**ASSIGNED TASK:** The pictures in the listing below are to be skipped, while the lines between the line holding "В этом году" and the line holding "Port Douglas Rocks", inclusive, are to be output exactly.
___ ENTRIES PROVIDED ___
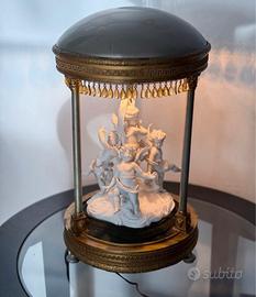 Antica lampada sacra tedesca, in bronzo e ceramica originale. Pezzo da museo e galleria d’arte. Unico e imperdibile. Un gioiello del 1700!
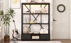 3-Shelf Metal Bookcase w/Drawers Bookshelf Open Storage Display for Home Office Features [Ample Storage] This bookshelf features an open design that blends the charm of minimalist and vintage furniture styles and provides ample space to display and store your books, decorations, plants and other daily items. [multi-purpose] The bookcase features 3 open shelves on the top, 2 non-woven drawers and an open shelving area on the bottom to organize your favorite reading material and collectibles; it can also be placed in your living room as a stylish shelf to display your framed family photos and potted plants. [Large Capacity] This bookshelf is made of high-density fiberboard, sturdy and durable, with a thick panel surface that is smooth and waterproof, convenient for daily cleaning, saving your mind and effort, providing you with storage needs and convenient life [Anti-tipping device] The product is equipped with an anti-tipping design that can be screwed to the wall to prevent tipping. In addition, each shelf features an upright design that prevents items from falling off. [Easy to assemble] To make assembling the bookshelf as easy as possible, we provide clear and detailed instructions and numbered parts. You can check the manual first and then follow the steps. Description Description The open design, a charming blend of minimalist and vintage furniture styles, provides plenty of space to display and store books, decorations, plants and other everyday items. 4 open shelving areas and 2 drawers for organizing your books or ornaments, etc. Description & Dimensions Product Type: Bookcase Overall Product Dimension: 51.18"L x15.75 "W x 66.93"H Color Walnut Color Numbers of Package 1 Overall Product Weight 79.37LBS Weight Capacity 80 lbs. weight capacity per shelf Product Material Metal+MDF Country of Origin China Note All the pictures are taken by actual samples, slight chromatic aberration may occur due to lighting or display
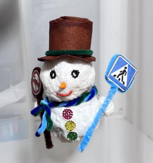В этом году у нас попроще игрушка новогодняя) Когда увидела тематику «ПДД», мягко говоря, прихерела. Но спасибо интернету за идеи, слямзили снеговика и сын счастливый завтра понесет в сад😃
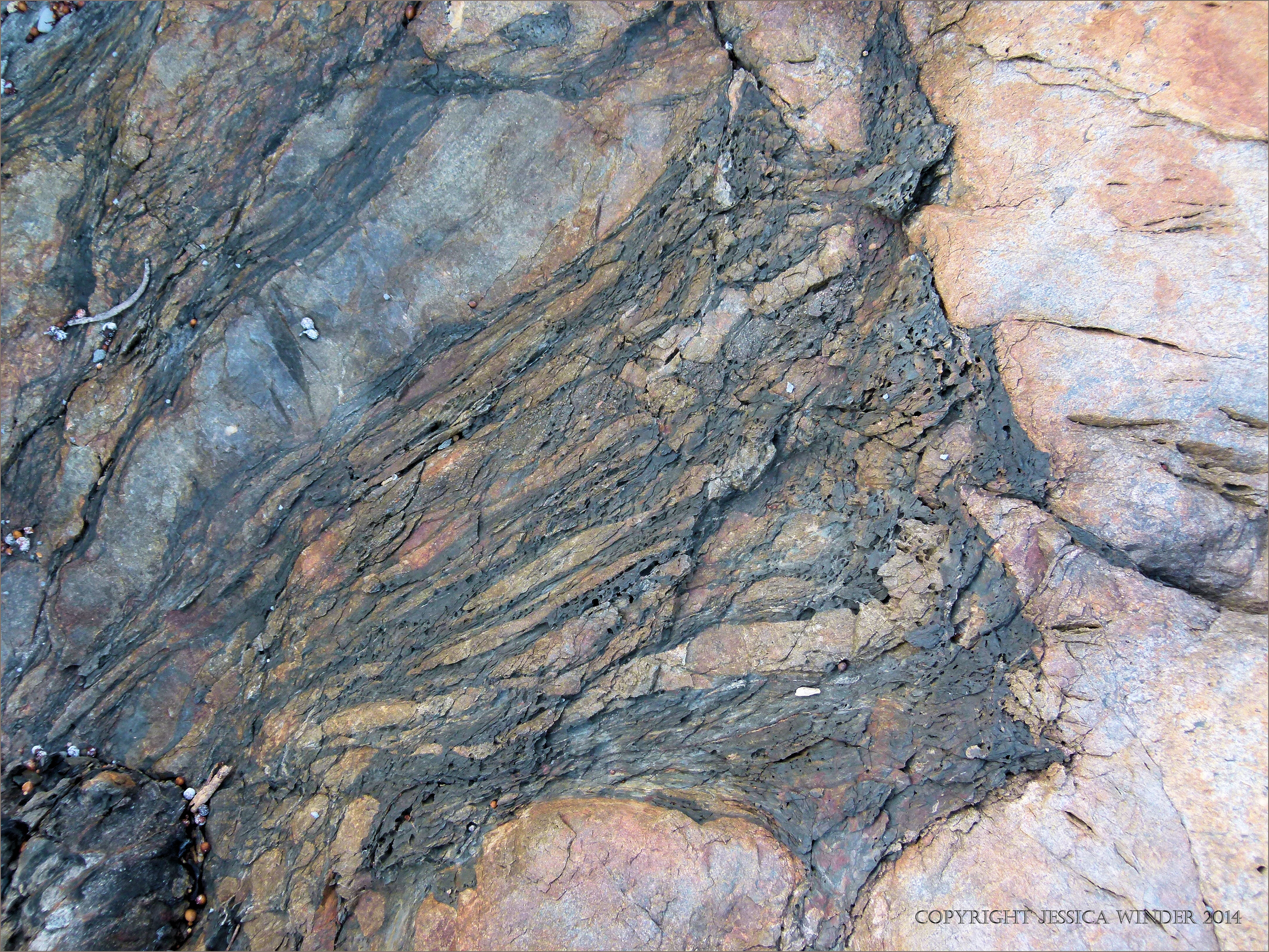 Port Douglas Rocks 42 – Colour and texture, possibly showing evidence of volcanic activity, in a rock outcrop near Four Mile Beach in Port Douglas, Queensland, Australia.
___
___ ENTRIES PROVIDED ___
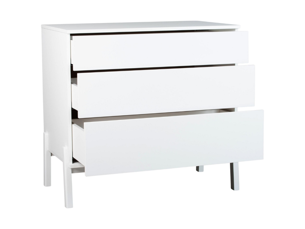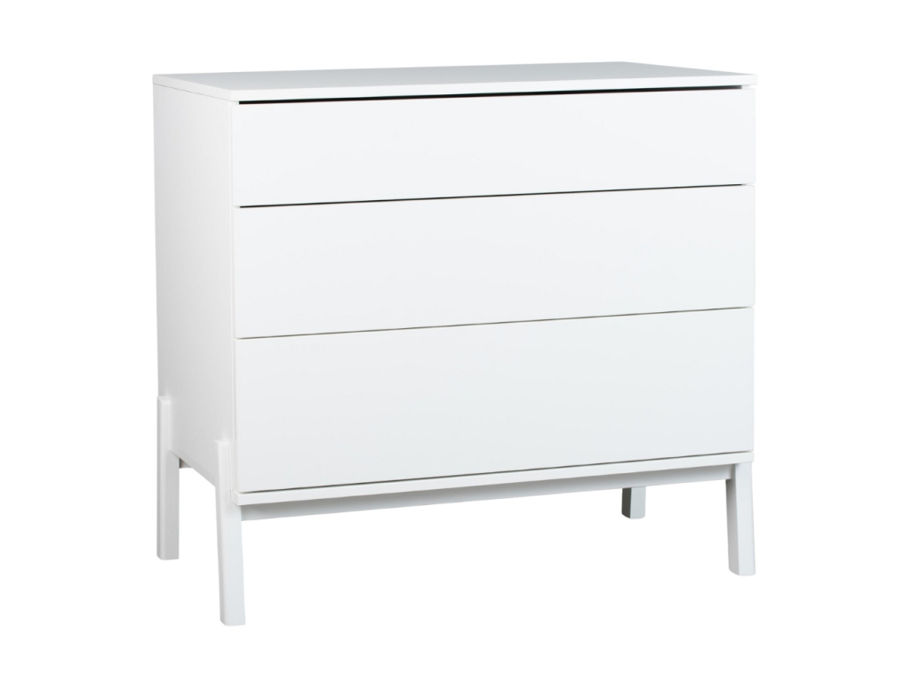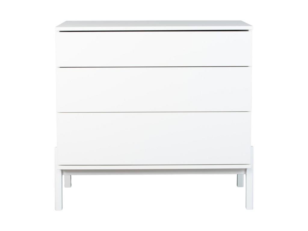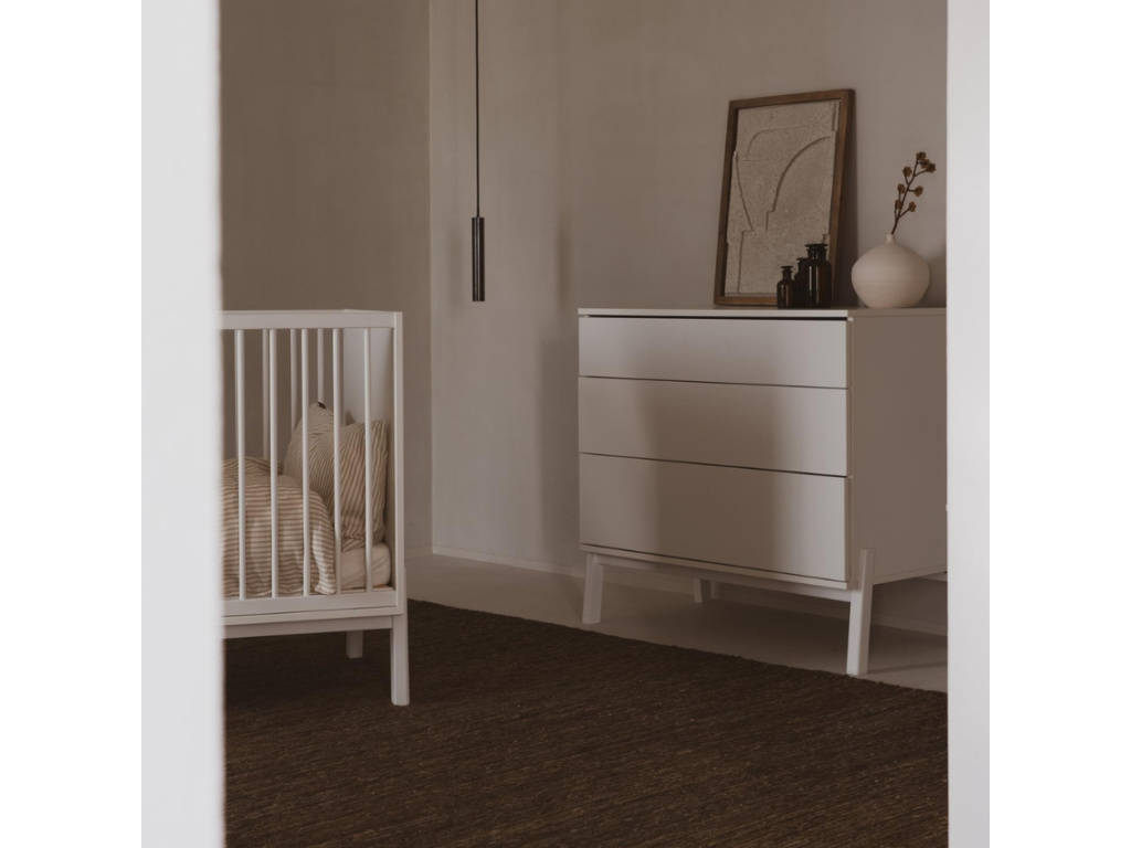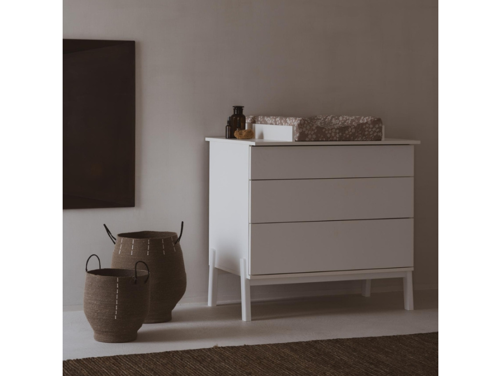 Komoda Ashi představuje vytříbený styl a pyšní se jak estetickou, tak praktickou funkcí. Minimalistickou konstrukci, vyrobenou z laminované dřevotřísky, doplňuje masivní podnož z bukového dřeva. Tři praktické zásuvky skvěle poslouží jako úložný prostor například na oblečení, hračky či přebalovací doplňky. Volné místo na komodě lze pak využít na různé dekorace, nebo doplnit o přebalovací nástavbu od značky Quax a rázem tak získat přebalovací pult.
___
___ ENTRIES PROVIDED ___
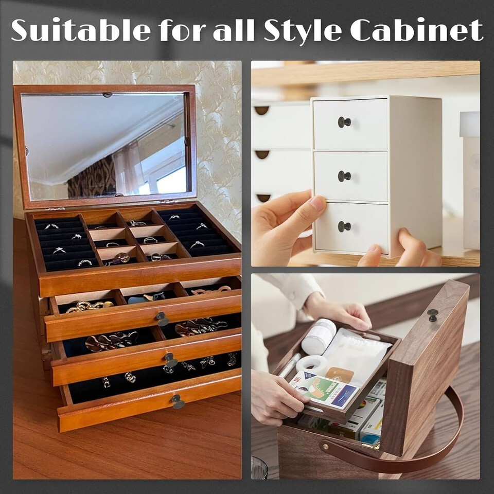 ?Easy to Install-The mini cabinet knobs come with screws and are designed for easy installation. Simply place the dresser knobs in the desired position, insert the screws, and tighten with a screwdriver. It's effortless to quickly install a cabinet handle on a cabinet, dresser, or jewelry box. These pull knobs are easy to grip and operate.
___
**ANSWER TO THIS PROBLEM:**
В этом году у нас попроще игрушка новогодняя) Когда увидела тематику «ПДД», мягко говоря, прихерела. Но спасибо интернету за идеи, слямзили снеговика и сын счастливый завтра понесет в сад😃
 Port Douglas Rocks 42 – Colour and texture, possibly showing evidence of volcanic activity, in a rock outcrop near Four Mile Beach in Port Douglas, Queensland, Australia.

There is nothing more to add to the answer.